Il giorno dopo, Renata si preparò con cura. Si osservò allo specchio: qualche ruga, ma nulla di grave.
“L’eleganza non ha età,” sorrise tra sé.
Arrivata da Anna, notò con gioia che c’era anche il colonnello.
“Eccoti! Siediti qui,” disse Anna, piazzandola accanto a Giovanni.
La serata proseguì tra brindisi e risate. Fabrizio, padrone di casa, sapeva intrattenere. Dall’altra parte di Giovanni sedeva Teresa, una vicina prosperosa vestita di rosa, che gli lanciava occhiate languide.
Quando partì la musica, Teresa si avvicinò per ballare. Renata evitò di guardare, ma poi Giovanni le si sedette accanto, sfiorandole la gamba. Lei trasalì.
“Scusi, non volevo disturbarla,” sussurrò lui.
“Tutto a posto,” rispose, sorridendo.
Al brano successivo, lui la invitò a ballare, anticipando Teresa. Renata sentì il cuore esultare.
Lo guidava con sicurezza, stringendola al momento giusto. “Che braccia forti,” pensò. E quella luce negli occhi… Mai vista prima.
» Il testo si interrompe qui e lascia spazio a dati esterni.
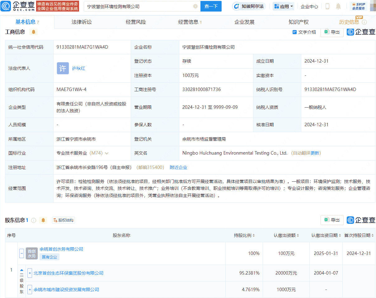 宁波慧创环境检测公司成立,首创环保间接控股布局新领域

Teresa li fissava torva. “Ecco la solita sofisticata,” borbottava.
Lui invece sembrava rinato. “Pensavo di essere un sasso, e ora il sangue ribolle,” rifletteva.
Prima di andarsene, Giovanni le propose una passeggiata. Camminarono nel profumo dei gelsomini, poi lui la riaccompagnò. A casa sua, accettò un caffè.
Anna e Fabrizio li guardarono uscire insieme, soddisfatti.
A letto, Fabrizio rise: “E dire che voi donne lo davate per finito!”
Ora Renata e Giovanni vivono felici. Passeggiano al tramonto tenendosi per mano. Tutti sono contenti, tranne Teresa. Il colonnello, si è scoperto, ha ancora tanto da dare.
**Morale:** La solitudine non è destino. A volte basta un incontro per riaccendere la luce.